*** Begin section ***
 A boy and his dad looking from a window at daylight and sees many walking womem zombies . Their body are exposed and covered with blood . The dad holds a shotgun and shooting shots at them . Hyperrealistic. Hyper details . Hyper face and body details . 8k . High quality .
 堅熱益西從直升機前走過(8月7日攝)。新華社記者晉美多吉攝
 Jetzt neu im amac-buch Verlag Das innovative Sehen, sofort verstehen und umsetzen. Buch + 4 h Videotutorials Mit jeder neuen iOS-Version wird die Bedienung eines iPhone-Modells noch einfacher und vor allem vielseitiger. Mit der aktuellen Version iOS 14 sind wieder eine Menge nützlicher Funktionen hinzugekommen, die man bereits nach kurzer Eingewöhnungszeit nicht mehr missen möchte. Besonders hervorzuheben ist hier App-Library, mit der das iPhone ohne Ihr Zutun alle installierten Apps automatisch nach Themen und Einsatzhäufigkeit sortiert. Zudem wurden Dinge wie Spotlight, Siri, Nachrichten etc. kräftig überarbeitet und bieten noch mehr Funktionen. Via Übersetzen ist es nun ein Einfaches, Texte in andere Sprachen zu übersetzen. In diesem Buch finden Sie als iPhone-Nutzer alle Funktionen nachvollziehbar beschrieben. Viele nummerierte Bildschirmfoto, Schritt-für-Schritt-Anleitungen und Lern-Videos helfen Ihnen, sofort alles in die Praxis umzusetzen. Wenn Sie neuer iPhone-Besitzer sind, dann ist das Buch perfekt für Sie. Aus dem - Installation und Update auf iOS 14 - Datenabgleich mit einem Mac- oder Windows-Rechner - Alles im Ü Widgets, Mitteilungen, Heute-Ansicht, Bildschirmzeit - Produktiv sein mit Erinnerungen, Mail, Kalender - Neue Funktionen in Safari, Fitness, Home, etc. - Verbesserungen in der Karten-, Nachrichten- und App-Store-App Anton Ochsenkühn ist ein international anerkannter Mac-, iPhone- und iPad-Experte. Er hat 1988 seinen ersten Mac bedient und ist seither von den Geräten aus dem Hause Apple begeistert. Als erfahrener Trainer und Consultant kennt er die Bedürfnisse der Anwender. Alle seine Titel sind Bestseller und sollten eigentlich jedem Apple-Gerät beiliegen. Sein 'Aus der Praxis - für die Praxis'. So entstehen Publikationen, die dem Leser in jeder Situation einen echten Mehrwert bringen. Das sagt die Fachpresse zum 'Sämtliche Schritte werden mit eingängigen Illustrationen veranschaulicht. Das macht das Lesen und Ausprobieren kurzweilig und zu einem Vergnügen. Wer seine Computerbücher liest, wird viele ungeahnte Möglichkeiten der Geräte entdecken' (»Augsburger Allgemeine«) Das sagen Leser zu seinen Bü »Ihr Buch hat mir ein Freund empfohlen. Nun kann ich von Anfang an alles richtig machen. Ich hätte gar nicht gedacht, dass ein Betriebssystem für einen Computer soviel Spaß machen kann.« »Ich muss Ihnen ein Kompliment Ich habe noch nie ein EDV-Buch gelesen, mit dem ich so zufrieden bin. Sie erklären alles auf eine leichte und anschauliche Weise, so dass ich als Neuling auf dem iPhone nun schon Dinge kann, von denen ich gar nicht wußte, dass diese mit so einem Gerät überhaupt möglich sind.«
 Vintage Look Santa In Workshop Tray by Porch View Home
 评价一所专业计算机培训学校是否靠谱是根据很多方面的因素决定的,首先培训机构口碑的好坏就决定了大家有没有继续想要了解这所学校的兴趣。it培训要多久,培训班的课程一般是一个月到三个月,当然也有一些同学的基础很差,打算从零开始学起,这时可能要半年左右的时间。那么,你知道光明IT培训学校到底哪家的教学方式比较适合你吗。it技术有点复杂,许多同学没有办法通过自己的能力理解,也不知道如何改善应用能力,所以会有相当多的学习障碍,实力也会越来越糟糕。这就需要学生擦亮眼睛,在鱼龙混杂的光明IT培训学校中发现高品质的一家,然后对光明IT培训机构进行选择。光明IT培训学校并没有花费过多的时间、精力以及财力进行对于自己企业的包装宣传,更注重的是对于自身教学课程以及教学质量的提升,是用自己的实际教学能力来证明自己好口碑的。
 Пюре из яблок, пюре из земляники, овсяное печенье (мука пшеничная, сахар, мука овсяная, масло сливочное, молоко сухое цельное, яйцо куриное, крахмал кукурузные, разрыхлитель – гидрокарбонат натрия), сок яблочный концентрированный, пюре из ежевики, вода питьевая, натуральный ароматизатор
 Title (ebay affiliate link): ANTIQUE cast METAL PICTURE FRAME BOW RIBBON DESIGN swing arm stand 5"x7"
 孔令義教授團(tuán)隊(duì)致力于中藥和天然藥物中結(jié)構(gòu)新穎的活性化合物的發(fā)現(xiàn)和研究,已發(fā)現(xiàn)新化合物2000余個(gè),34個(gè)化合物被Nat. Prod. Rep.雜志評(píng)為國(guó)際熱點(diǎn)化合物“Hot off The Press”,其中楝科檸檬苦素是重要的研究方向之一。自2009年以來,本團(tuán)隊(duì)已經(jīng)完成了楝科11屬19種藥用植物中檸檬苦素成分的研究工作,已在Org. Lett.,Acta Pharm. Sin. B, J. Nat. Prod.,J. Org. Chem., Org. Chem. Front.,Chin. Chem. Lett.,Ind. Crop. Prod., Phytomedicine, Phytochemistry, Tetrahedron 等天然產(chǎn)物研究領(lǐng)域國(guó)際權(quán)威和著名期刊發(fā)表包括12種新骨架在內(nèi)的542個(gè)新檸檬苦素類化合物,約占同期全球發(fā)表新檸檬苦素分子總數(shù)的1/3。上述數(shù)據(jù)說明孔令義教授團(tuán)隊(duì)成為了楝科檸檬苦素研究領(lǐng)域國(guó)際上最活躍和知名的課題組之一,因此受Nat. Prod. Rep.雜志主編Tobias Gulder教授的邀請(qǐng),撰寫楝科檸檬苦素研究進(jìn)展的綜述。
*** End section ***
*** Begin section ***
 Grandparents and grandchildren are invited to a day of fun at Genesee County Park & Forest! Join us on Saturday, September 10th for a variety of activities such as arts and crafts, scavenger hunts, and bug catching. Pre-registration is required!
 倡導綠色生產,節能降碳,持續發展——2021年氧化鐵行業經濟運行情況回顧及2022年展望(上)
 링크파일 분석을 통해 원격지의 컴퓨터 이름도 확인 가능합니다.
*** End section ***
> _Exercise brief_
From the records above, give again exactly the lines running from the line with "Vintage Look Santa" to the line with "Title (ebay affiliate", inclusive.

> _Solution for this task_
 Vintage Look Santa In Workshop Tray by Porch View Home
 评价一所专业计算机培训学校是否靠谱是根据很多方面的因素决定的,首先培训机构口碑的好坏就决定了大家有没有继续想要了解这所学校的兴趣。it培训要多久,培训班的课程一般是一个月到三个月,当然也有一些同学的基础很差,打算从零开始学起,这时可能要半年左右的时间。那么,你知道光明IT培训学校到底哪家的教学方式比较适合你吗。it技术有点复杂,许多同学没有办法通过自己的能力理解,也不知道如何改善应用能力,所以会有相当多的学习障碍,实力也会越来越糟糕。这就需要学生擦亮眼睛,在鱼龙混杂的光明IT培训学校中发现高品质的一家,然后对光明IT培训机构进行选择。光明IT培训学校并没有花费过多的时间、精力以及财力进行对于自己企业的包装宣传,更注重的是对于自身教学课程以及教学质量的提升,是用自己的实际教学能力来证明自己好口碑的。
 Пюре из яблок, пюре из земляники, овсяное печенье (мука пшеничная, сахар, мука овсяная, масло сливочное, молоко сухое цельное, яйцо куриное, крахмал кукурузные, разрыхлитель – гидрокарбонат натрия), сок яблочный концентрированный, пюре из ежевики, вода питьевая, натуральный ароматизатор
 Title (ebay affiliate link): ANTIQUE cast METAL PICTURE FRAME BOW RIBBON DESIGN swing arm stand 5"x7"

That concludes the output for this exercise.